Resgate – Tão frenético que compensa a história genérica

Quem precisa de super-heróis quando se tem um brucutu para combater? Dos clássicos às mesmices vergonha alheia, a Sétima Arte traçou décadas trazendo homens exalando testosterona, enfrentando tiro, porrada e bomba em nome do entretenimento. A prova de que a figura não cansa para a indústria é tanta que Os Mercenários (The Expendables 2010 -) conta com três filmes (e um quarto em fase produção), compondo o elenco com os melhores brucutus. Assim, era esperado que Resgaste (Extraction, 2020), estreia da Netflix, nomearia Chris Hemsworth como o mais novo membro dessa saga de perfis ligados pelo que sabem fazer de melhor. E sim, ele se uniu a liga, com muita personalidade, mesmo com um apelo genérico.

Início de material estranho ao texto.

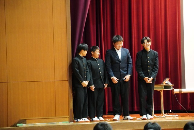 また、今年度は初めての試みとなる「有志発表」が行われました。ダンスや楽器演奏、歌の披露だけでなく、トーチトワリングや動画上映など、有志の生徒たちが自分の特技を堂々と披露し、会場は大いに盛り上がりました。多くの笑顔と拍手に包まれた素敵な時間になりました。夏休みから準備をし、練習に励んでくれた有志の皆さん、ありがとうございました!来年度の有志発表も今から楽しみです!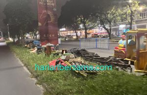 Akses jalan di sana ditutup sepihak terduga oleh suruhan pengusaha pasar malam. Sejumlah truk pengangkut peralatan terlihat parkir dan sebahagian alat sudah diturunkan di badan jalan. Bahkan tenda juga didirikan di atas jalan.
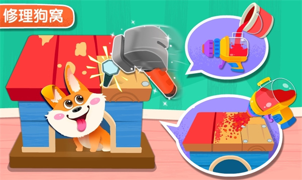 小狗的房子坏了,快帮他修好房顶,再刷上漂亮的油漆,小狗看见好开心;清理破掉的墙纸,挑一张粉红墙纸贴上,家里变得好温馨!(激发宝宝创造力。)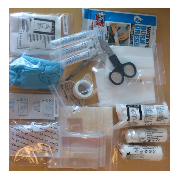 Indhold: 12 stk. renseservietter 4 stk. fingerplaster 7 x 7 cm. 1 stk. trekantet armklæde 136 x 96 x 96 cm. 1 stk. taperulle 5 m x 2,5 cm. 1 stk. sterilt kompres 17 x 17 cm. 2 stk. elastik bandage 4 m x 8 cm. 5 stk. kompres 5 x 5 cm. 3 stk. saltvandspipetter 9,9 ml. 1 stk. saks 12,7 cm. 1 stk. metal pincet 8,8 cm. 5 par handsker i pose størrelse 1 stk. elastik plaster 10 x 6 cm. 1 stk. indlægsseddel/manual. Tillagt Waterjel bandage.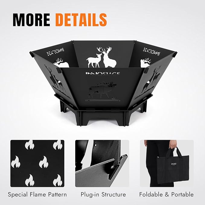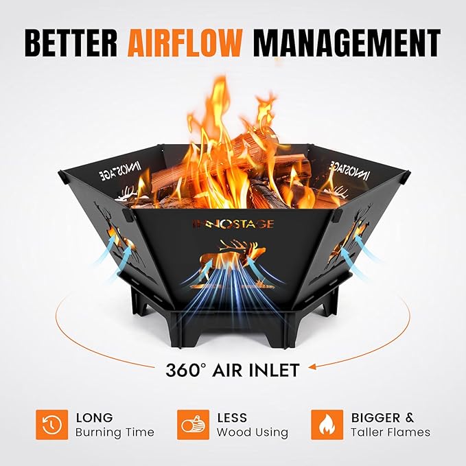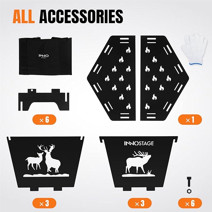 - Dancing Flames: The 6 side plates come in 2 different patterns, the hollowed deer design allows the flames to flicker and create a cozy and romatic atmosphere. This enhances the camping experience and appeal. The patio fire pit is ideal for use with 4-6 people.

Adaptação da graphic novel Ciudad, de Andy Parks e os irmãos Russo, a trama é centrada em Tyler Rake (Hemsworth), um mercenário do mercado negro que recebe a missão de resgatar Ovi Mahajan (Rudhraksh Jaiswal), um garoto de 14 anos, filho de um chefão do crime. As coisas se mostram complicadas quando forças contrárias investem para impedir o resgate, revelando a guerra internas por trás da ação.

Antes mesmo de nos situarmos na história, a película já nos brinda com exemplares da bela combinação da locação, finalizada com uma cinematografia banhada em filtros amarelos, esverdeados e vermelho, caracterizando o cenário central da produção marcada pelas casas, forros, bancadas e pessoas das ruas de Dhaka, Bangladesh. Ao conhecermos Tyler, não restou dúvidas que o brucutu aguentaria de tudo: vestido com uma armadura agressiva e arrogante, a caricatura defensiva de alguém que não quer se abrir, mostrou de maneira exagerada que o personagem tinha uma relação de trauma e conexão com o mar. 

Tudo isso narrado de maneira dinâmica e eficiente, enquanto não estávamos preparados para as sequências desenfreadas de ação que lançam um rumo frenético com movimentos bruscos da câmera, dando um up a porradaria e tiros que seguem corredores, escadas, terraços e ruas. Por esta escolha, a primeira direção de Sam Hargrave em um longa-metragem brilha ao abrir mão de planos abertos com cenas de perseguições de carros, explosões e destruição, nos entregando planos fechados intensos de violência, vibrando com sangue, suor e fotografia excitante.

Ter um cineasta que também é dublê por trás das câmeras só beneficiou este estilo de filmagem, que almeja deixar o espectador mais envolvido no centro da ação e dá uma pegada mais crua para o que se desenrola. O que temos aqui são tomadas com golpes de lutas coreografadas em um ritmo sufocante, que destacam a aposta de qualidade da direção. A boa notícia é que, se rolar comparações a outras produções empenhadas na mesma dança, Resgaste conseguiu oferecer o seu número com identidade.

O tropeço em meio a ação infrene se dá ao interromper o jogo incisivo para adentrar ao arco dramático dos personagens. Debaixo de toda sagacidade e prontidão física de Tyler, há o conflito interno de culpa, perda e angústia reprimida, enquanto para o doce jovem Ovi a carência de afeto, referência de ideais e cumplicidade, o que termina refletindo sentimentos que os complementam e os vulneram: a redenção e a paternidade. A necessidade de ambos se revela em um momento inesperado da sobrevivência e missão.

O balanço no filme que intenta ser grandioso na ação e ainda assim mostrar seu lado humano, não se apoiando apenas em causas para justificar um entretenimento afoito, poderia soar mais equilibrado se tivesse mais desenvolvimento no drama: a maneira que surge a descamação dos personagens se acomoda sendo uma ponte rápida de intervalo para preparar o ápice comovente, mesmo que Chris e Rudhraksh estão ótimos contracenando expondo suas fragilidades.

Em suma, esta união diferente da Marvel com roteiro de Joe Russo, estrelada por Chris Hemsworth e dirigida pelo dublê do Capitão América rende um divertido atrativo de 100 minutos de duração, podendo, no final, ser concluída como uma ação que compensa a história genérica de redenção. E mais um dia foi salvo por um brucutu.